• What to produce
Repetition must be exact and must stop with the line bearing "Blick auf den". It begins at the first line of the records and includes no pictures.

• Data for processing

+--

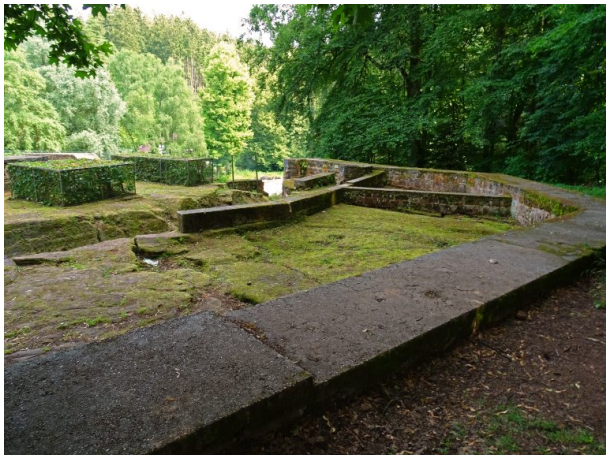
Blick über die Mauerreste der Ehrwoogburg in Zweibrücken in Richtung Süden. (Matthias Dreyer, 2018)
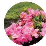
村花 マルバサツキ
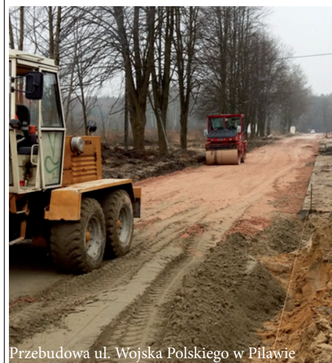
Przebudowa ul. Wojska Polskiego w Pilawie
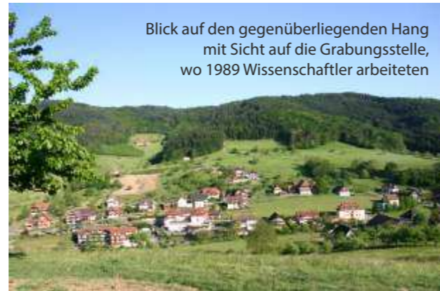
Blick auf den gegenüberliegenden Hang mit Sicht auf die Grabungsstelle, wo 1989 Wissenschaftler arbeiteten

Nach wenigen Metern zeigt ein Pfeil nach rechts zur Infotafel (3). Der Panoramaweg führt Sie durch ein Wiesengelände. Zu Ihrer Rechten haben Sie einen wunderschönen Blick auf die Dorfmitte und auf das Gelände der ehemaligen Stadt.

+--

• Answer to this exercise
Blick über die Mauerreste der Ehrwoogburg in Zweibrücken in Richtung Süden. (Matthias Dreyer, 2018)
村花 マルバサツキ
Przebudowa ul. Wojska Polskiego w Pilawie
Blick auf den gegenüberliegenden Hang mit Sicht auf die Grabungsstelle, wo 1989 Wissenschaftler arbeiteten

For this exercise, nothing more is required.